Aquella noche extraña, apática, inefable pero estrellada, sentado entre millones de seres que dormitaban en la gran planicie, ni estaba cómodo en mi puesto ni podía conciliar el sueño por más que lo intentaba; así que decidí deambular por los pasillos de las colas con la penumbra como única aliada; pues en este nuevo mundo, cuando el astro que nos alumbraba, muy similar a ese sol del que dependíamos en la tierra, se ocultaba en el horizonte, la oscuridad se hacía patente por la lejanía de las tres lunas que, perezosas y a duras penas, clareaban la explanada; nos teníamos que conformar con la extensa, lejana y tenue luz que desprendía la bóveda estelar. A hurtadillas, con la humedad de la noche me movía como alma en pena hacia el final de las colas. Procuraba no pisar a alguien que con sus gritos me delatara y, en consecuencia, alertara a los coisómanos (controladores del orden) y fuera detenido; pues de noche, habitualmente, y salvo raras excepciones, nadie osaba moverse por las colas; luego debía ser precavido, aunque hoy no temiese a las resultas que se originaran por mi escapada ni me iba por curiosidad u obligado, ni tan siquiera convencido, pero algo en mi interior me decía que debía alejarme de aquel lugar que me estaba devorando. Cuanto más me retiraba de mi puesto, más miedo sentía y aun así no podía dejar de caminar. Me preguntaba si tenía sentido lo que estaba haciendo y, ya ofuscado, me respondía que no lo sabía. Andaba solo, ausente y perdido, aunque rodeado por millaradas de seres que esperaban culminar su destino: traspasar las puertas de la muralla. Seguía caminando como un sonámbulo que se hubiera despertado aturdido y angustiado en una pesadilla y al que le entraban ganas de gritar a rienda suelta pidiendo ayuda; pero al que debía de preocuparle despertar a los durmientes y tener que pedir perdón por su impertinencia.

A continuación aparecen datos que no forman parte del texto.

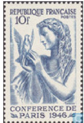
Figuur 2 Vredesconferentie 1946

Het bedrijf J. Bijloos schijnt bestaan te hebben in de periode 1928-1940. (bron: Museum Rotterdam )
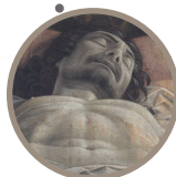
Room 6 Lamentation over the dead Christ Andrea Mantegna Circa 1474
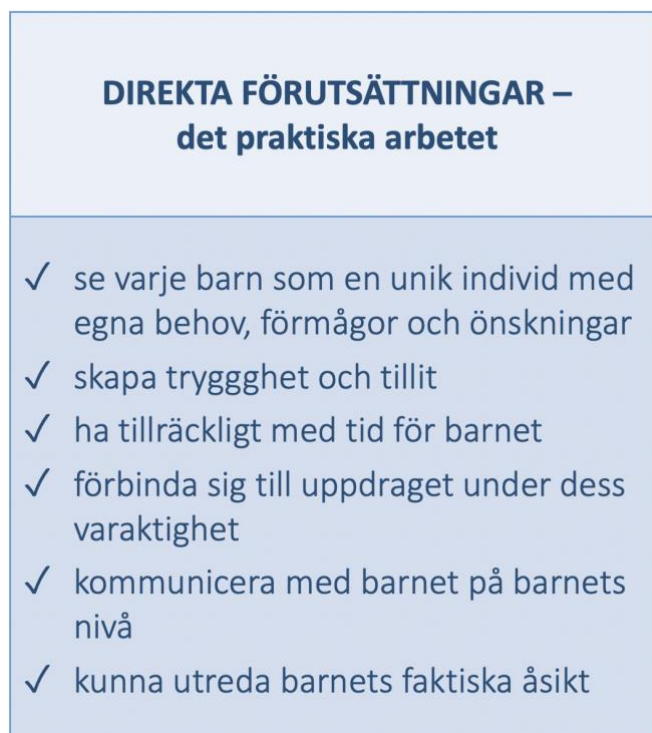
Figur 3 Direkta förutsättningar

Direkta förutsättningar presenteras i form av en figur (se figur 3) och varje punkt i figuren förklaras mera ingående i den löpande texten. Till direkta förutsättningar hör; att kunna bemöta barn som unika individer, skapa trygghet och tillit, ha tillräckligt med tid för barnet, förbinda sig till uppdraget under hela dess varaktighet, kommunicera med barnet på barnets nivå och kunna utreda barnets faktiska åsikt.
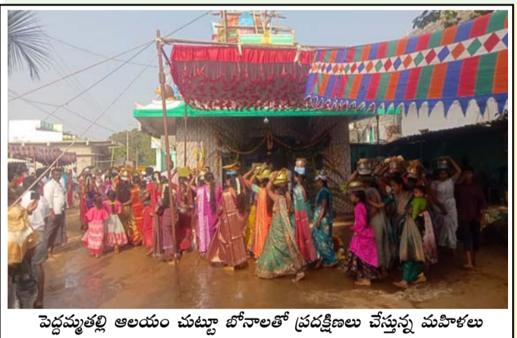
పెద్దమ్మతల్లి ఆలయం చుట్టూ బోలెలతో ప్రదక్షిణలు చేస్తున్న మహిళలు
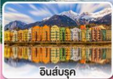
อินส์บรุค

Sin apenas darme cuenta, me alejé de los últimos de las filas y, durante varias horas de andadura, me adentré en un paraje que no había visitado en mis anteriores viajes. Aunque las estrellas vislumbraban aquel terreno estepario, no veía a más de un palmo ni advertía rocas, plantas u objeto alguno que me situara en algún lugar y, abrigado por la espesa oscuridad, que daba escalofríos, parecía caminar hacia ninguna parte. Por la desigualdad de aquella superficie repleta de baches se hacía complicado transitar, pues los pétreos terrones que cubrían el sendero por el que empezaba a penetrar me hacían tropezar a cada paso que daba. Bajando a rastras por badenes, agarrándome a las piedras o reptando sobre el firme rocoso, iba avanzando despacio, con sigilo, hasta que, resbalando por el musgo adherido a las rocas, caí en un socavón; gracias a que su base se encontraba embarrada y, tras una mera inmersión en el barro, pude contarlo. Manoteando, salí del lodazal, me puse en pie, me sacudí el barro como haría un perro en las mismas circunstancias y, a duras penas, conseguí gatear por las paredes graníticas hasta alcanzar de nuevo el sendero. Allí me senté, cogí aire, me arrepentí de lo que estaba haciendo y, sin ganas, pero obligado y, sin saber por qué, me dispuse a continuar aun estando extenuado.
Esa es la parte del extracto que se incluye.